Темные пятна сознания. Как остаться человеком
JULES MONTAGUE
LOST AND FOUND
Печатается с разрешения автора и литературных агентств Janklow & Nesbit (UK) LTD и Prava I Prevodi International Literary Agency.
Все права защищены.
Ни одна часть данного издания не может быть воспроизведена или использована в какой-либо форме, включая электронную, фотокопирование, магнитную запись или иные способы хранения и воспроизведения информации, без предварительного письменного разрешения правообладателя.
© 2018 by Julie Phukan
© ООО «Издательство АСТ», 2018
Доктор Жиль Монтегю – практикующий невролог, писатель, журналист и спикер на TEDxLondonSalon. Свою основную работу она совмещает с ежегодной лечебной практикой в Мозамбике и Индии. Ее статьи были представлены в The Guardian, The Independent, Granta, Lancet и на BBC.
Введение
Все началось с головной боли, правда, не очень сильной. Она проходила от парацетамола, но потом он перестал помогать. Очень скоро речь стала смазанной, а в глазах начало двоиться.
Много лет назад она водила нас с Анной домой после занятий теннисом и школьных дискотек, и вот теперь Анна спрашивает меня о стадиях развития опухолей мозга и интересуется, нет ли каких-нибудь экспериментальных метолов лечения.
Потом между нами состоялся разговор совсем иного рода.
«Мать, – рассказала мне Анна, – начала со слезами на глазах говорить всем членам семьи, как она их любит. Она признавалась в любви ежедневно, по много раз. Такого за ней никогда не водилось, она всегда была холодной, сдержанной и довольно отчужденной». Анна спрашивала, что бы это могло значить. Возможно ли, что на поверхность вышла истинная личность матери, и эти признания были искренними? Или это было просто следствие неоперабельной опухоли в лобных долях мозга – пустые признания в любви, бывшие лишь признаниями в болезни?

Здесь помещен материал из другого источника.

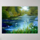 Os papagaios azuis bordam o rio Mattawamkeag no Norte Maine Woods. Rico em cor, detalhes e textura. Originalmente uma pintura a óleo.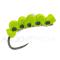 Montage 100 % foam compressé, ce modèle imite la petite chenille « tordeuse » verte, présente en quantité sur les chênes et les saules, en bordure de rivière. Cette chenille est au menu des truites en Avril/ Mai, sur les secteurs aux berges boisées. Le foam compressé sur le dessus de la hampe de l'hameçon permet d'obtenir une imitation compacte, flottant à la perfection, et provoquant un « ploc » discret à l'impact, qui attire l'attention des truites.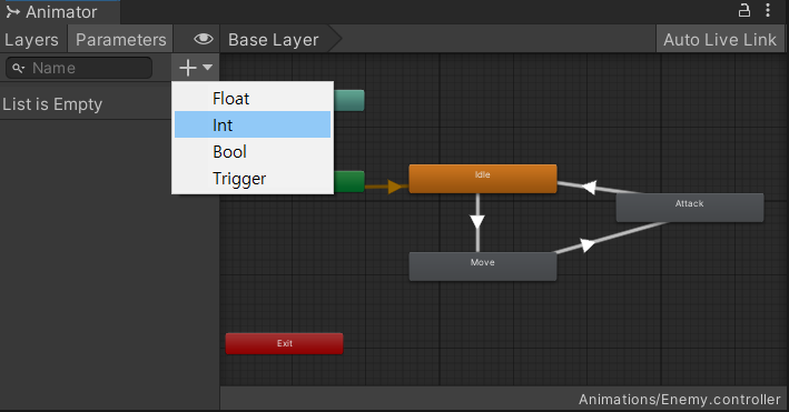 애니메이터에는 트랜지션의 Conditions(조건)과 관련있는 변수를 설정할 수 있는데 그것이 Parameters이다.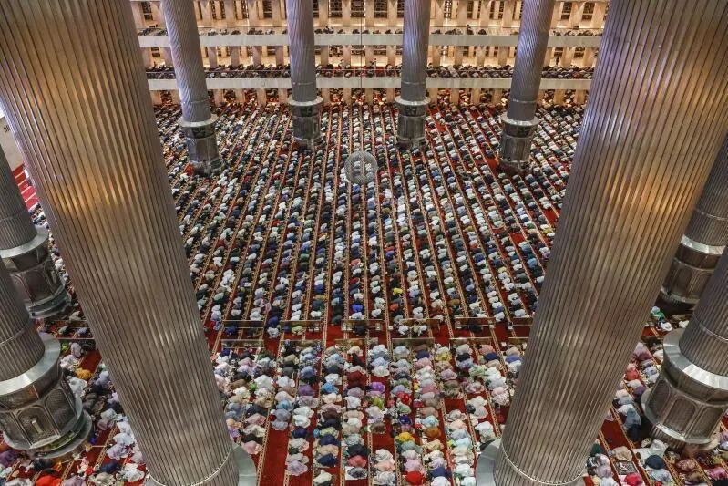 Muslim di Indonesia menunaikan solat tarawih berjemaah di Masjid Istiqlal di Jakarta pada malam tarawih pertama pada 18 Februari 2026. - Foto EPA
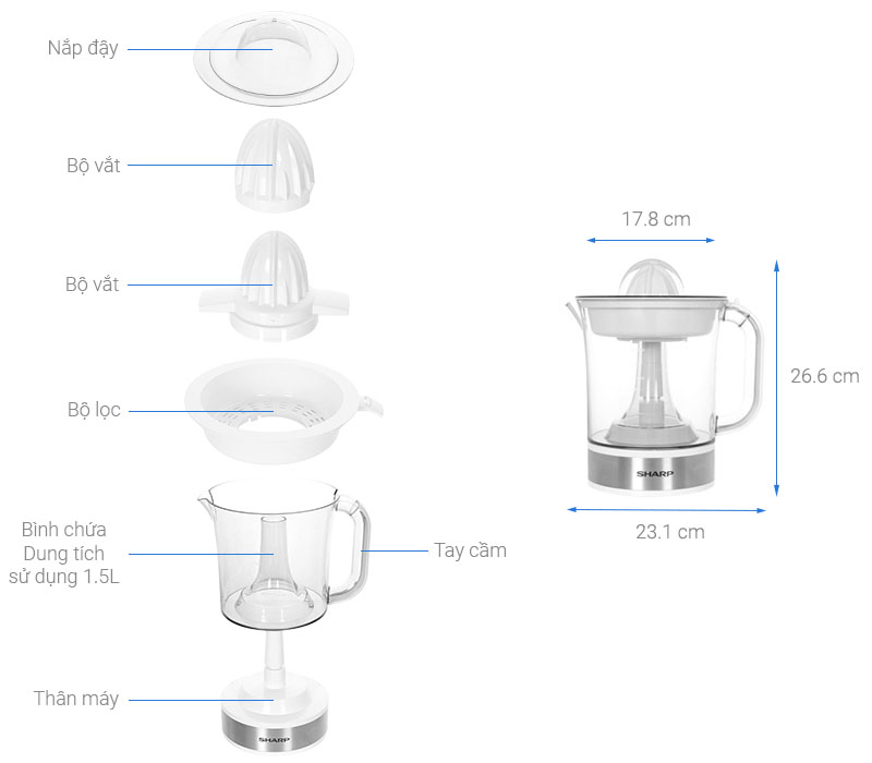 Máy vắt cam Sharp thiết kế gọn nhẹ, màu trắng sáng tươi trẻ, có tay cầm chắc chắn Chuyên dụng để vắt các loại hoa quả họ cam như cam, bưởi, quýt, chanh,… đáp ứng nhu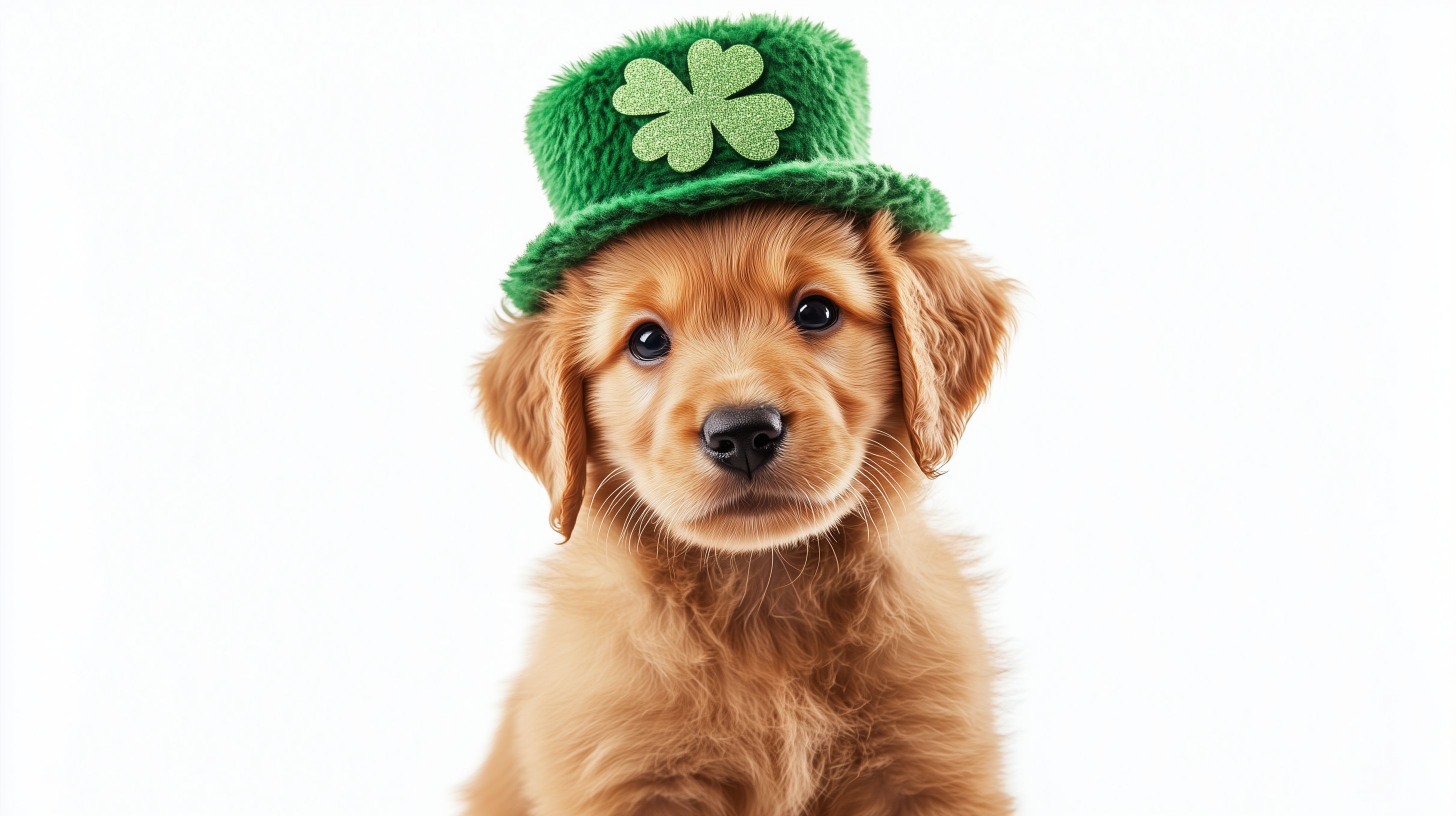 Dieses entzückende Foto zeigt einen goldfarbenen Welpen mit einem grünen Hut voller Glücksklee-Blätter. Der Hund blickt mit großen, freundlichen Augen direkt in die Kamera und scheint das St. Patrick's Day-Outfit zu genießen. Das Bild strahlt eine fröhliche, festliche Stimmung aus und eignet sich perfekt für Einsätze rund um den irischen Nationalfeiertag, etwa in Blogbeiträgen, Newslettern oder Social-Media-Beiträgen. Das hochauflösende Foto ist unter einer Creative-Commons-Lizenz frei nutzbar.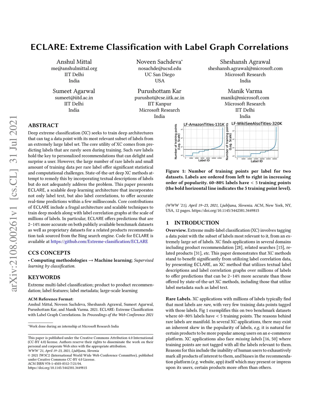 ECLARE: Extreme Classification with Label Graph Correlations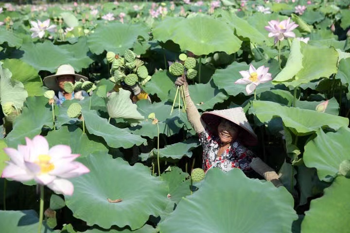 “我是在朋友圈上刷到的,平時工作很忙,周末就帶著孩子來鄉村感受下田園風光。”家在安慶市城區的李女士說,在這里不僅可以拍照打卡,還可以體驗蓮子采摘、感受農耕文化,最重要的是可以獲得身心的放松。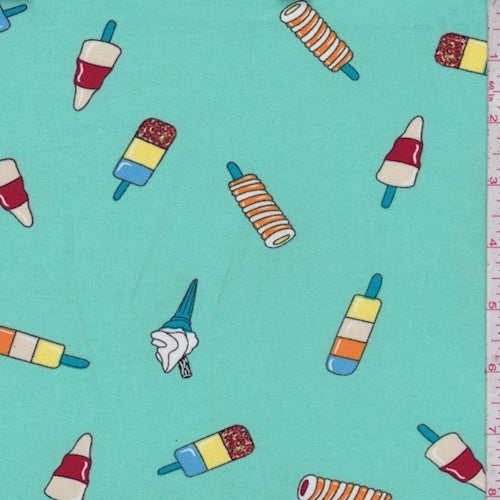 Mint Blue Ice Cream Treat Double Brushed Jersey Knit Fabric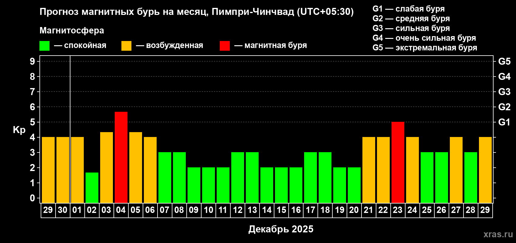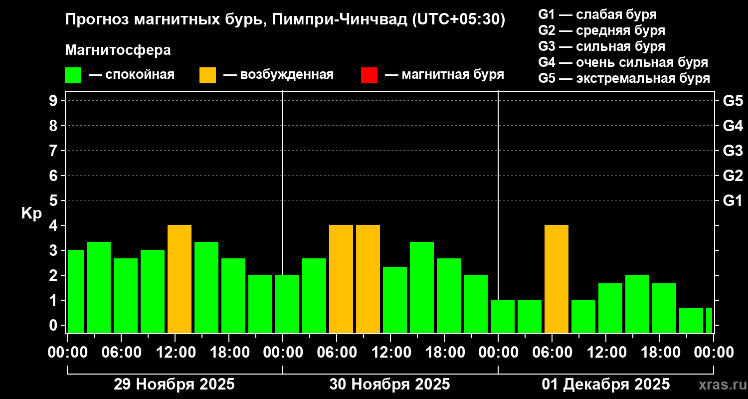 Прогноз магнитных бурь в Пимпри-Чинчваде — 29 ноября 2025 года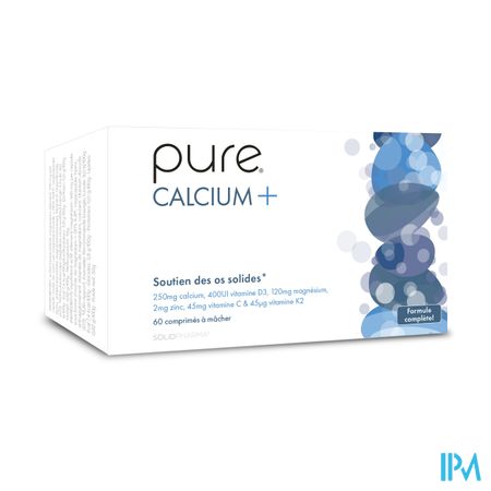 - Pure Calcium+ bestaat uit calcium met de belangrijkste calciumsynergisten, een combinatiepreparaat dat werkt via verschillende mechanismen (als componenten van het bot, invloed op osteoblasten en osteoclasten, invloed op calciumhomeostase, invloed op spierkracht, als essentiële cofactor van eiwitten in botstabiliteit)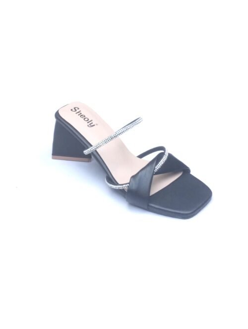 Sheoly Black Rhinestone Strap Triangle Heel Mules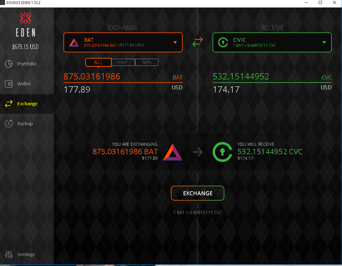 Exodus:EDEN Also includes the Shapeshift.io cryptocurrency conversion service integrated right into it .

Я могла отвечать на вопросы о стадиях развития опухоли и об экспериментальных методах лечения. Но что я могла ответить на этот вопрос? Это было очень и очень нелегко.
В медицине существует давняя величественная традиция – клинические конференции. Молодой врач выходит на сцену перед большой аудиторией, состоящей из пожилых профессоров (в старомодных галстуках), консультантов, преподавателей и студентов. Молодой врач представляет историю болезни своего пациента, страдающего какой-нибудь редкой болезнью. После доклада в зал приводят или привозят в кресле больного, иногда с капельницами, электродами и кислородными катетерами. Больного публично опрашивают, осматривают, выстукивают, выслушивают, а затем отпускают.
Теперь на сцену вызывают другого молодого врача и начинают донимать вопросами: «Как вы будете обследовать и лечить этого больного?» Врач нервничает и отвечает не вполне уверенно. Именно здесь возникают и рушатся репутации. Потом инициатива переходит к профессорам, творящим суд и расправу.
В этом сократическом ритуале есть несомненная польза. Если вы столкнулись хотя бы раз в жизни с таким таинственным случаем, и выслушали вердикт дельфийского оракула, вы никогда в жизни не забудете этого больного. «А-а, я, знаете, уже это видел на одной клинической конференции».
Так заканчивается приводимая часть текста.